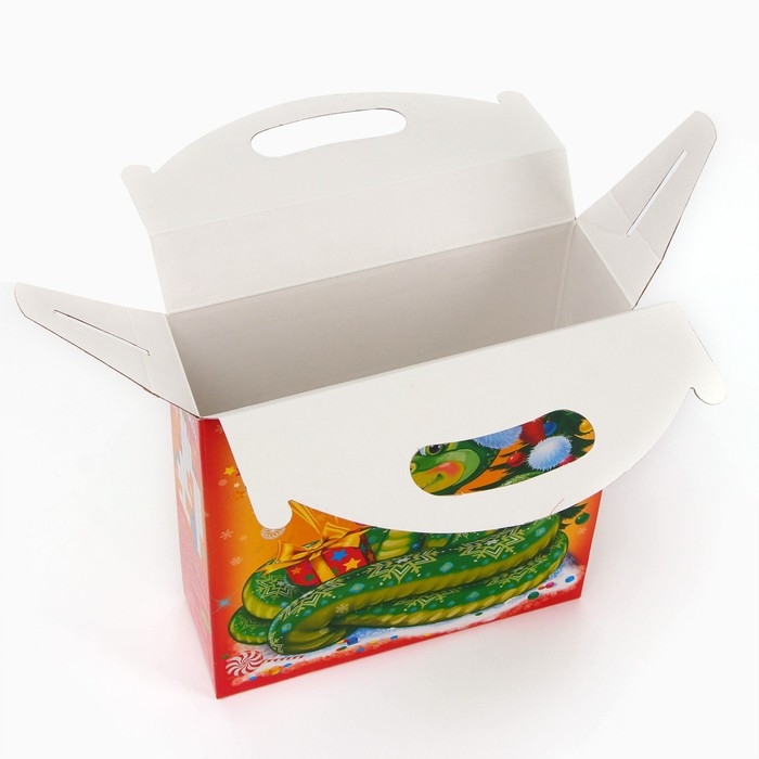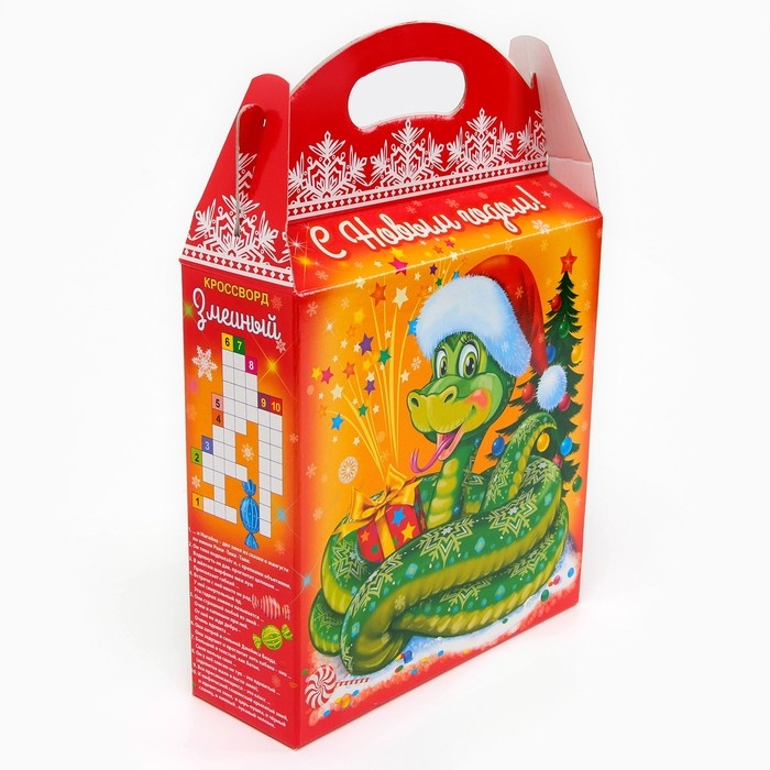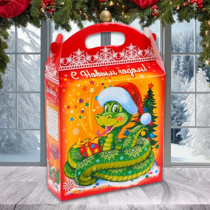 Новый год. Подарочная коробка новогодняя Змейка в шапочке 25,5 (33) х 23,5 х 8 см.
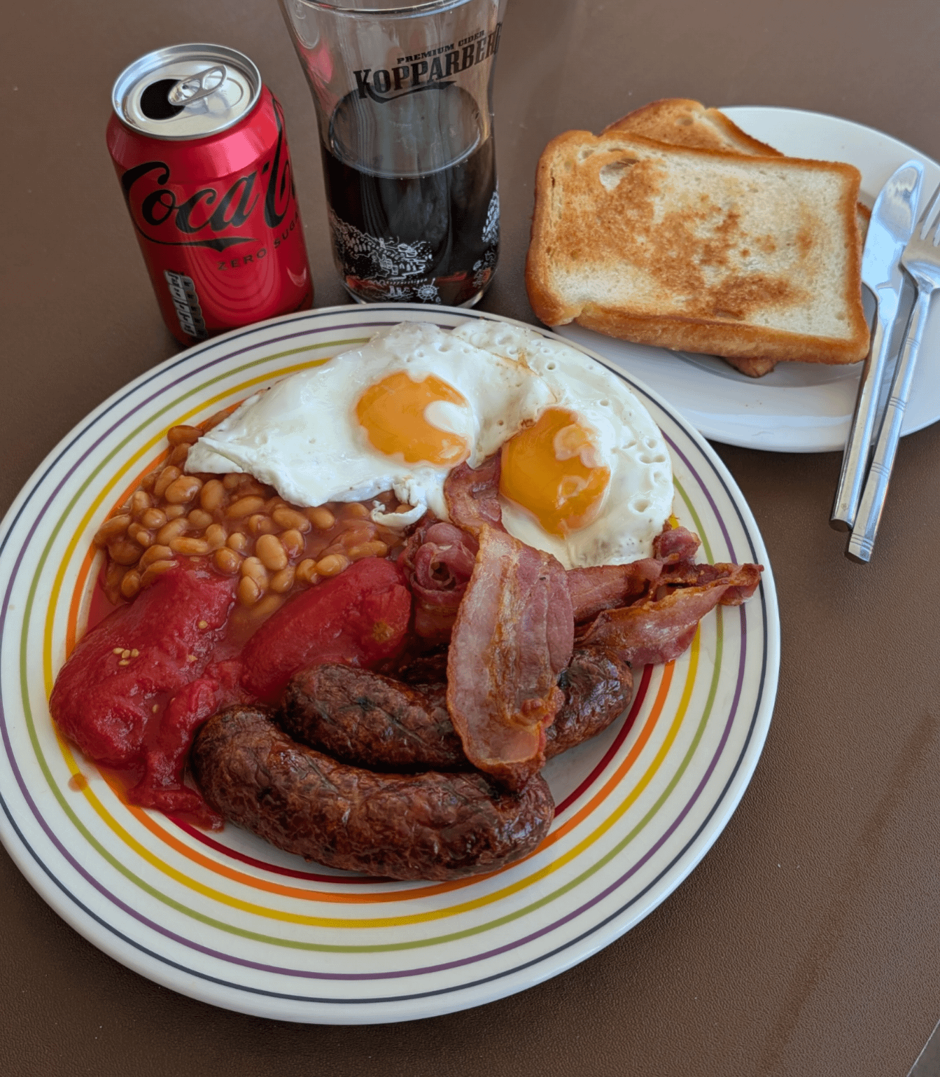 Back home getting spoiled once again, no hasbrowns today but everything else was delicious. I eat the sausages with the tomato, then make egg bacon and bean fried bread sandwiches, my all time favourite sandwich.
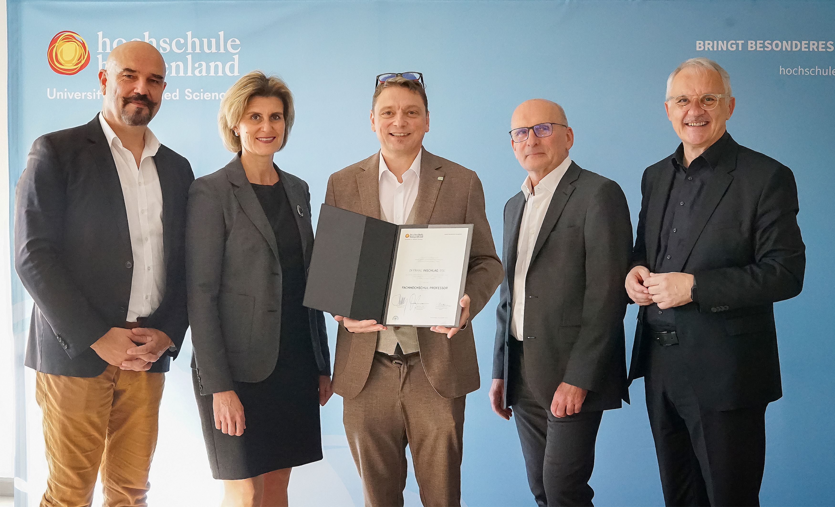 Franz Inschlag, langjährig Lehrender und wissenschaftlicher Mitarbeiter im Department Energie und Umwelt der Hochschule Burgenland, wurde zum Professor (FH) ernannt. Für diesen Titel kann man sich nicht bewerben, man muss dafür vorgeschlagen werden. Voraussetzungen für die FH-Professur sind eine akademische Ausbildung, die Lehrtätigkeit an der Hochschule Burgenland, die facheinschlägige Praxis, angewandte Forschungs- und Entwicklungsaktivitäten sowie besondere Leistungen für die Entwicklung der Hochschule. Inschlags Forschungsschwerpunkt liegt im Bereich der dynamischen Gebäude- und Anlagensimulation. Er begann seinen beruflichen Werdegang als HKLS-Installateur und schloss seinen Lehrberuf mit der Meisterprüfung ab. Später entschied er sich über den zweiten Bildungsweg für eine akademische Laufbahn, absolvierte das Bachelorstudium Energie- und Umweltmanagement mit Schwerpunkt Gebäudetechnik an der Hochschule – damals noch FH – Burgenland und schloss anschließend das Masterstudium Nachhaltige Energiesysteme an. Dabei spezialisierte sich Inschlag auf Technologien wie Biomasse, Solarthermie, Photovoltaik und Kleinwasserkraft. Berufliche Erfahrung sammelte er zunächst in Ingenieurbüros, bevor er 2008 an die Fachhochschule Burgenland wechselte.
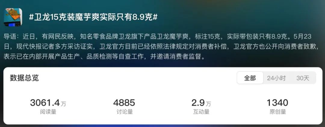 隨後,話題“衞龍15克裝魔芋爽實際只有8.9克”登陸微博熱搜榜,收穫超3000萬閲讀量。諸多網友紛紛表示,“衞龍又貴又難吃”“ 這麼貴還缺斤少兩,真是黑心商家”。
• • •
# Task directions
Would you repeat the material above exactly, line for line, from its first line to the line with "Back home getting", including both and skipping every picture?

# Response area
 Новый год. Подарочная коробка новогодняя Змейка в шапочке 25,5 (33) х 23,5 х 8 см.
 Back home getting spoiled once again, no hasbrowns today but everything else was delicious. I eat the sausages with the tomato, then make egg bacon and bean fried bread sandwiches, my all time favourite sandwich.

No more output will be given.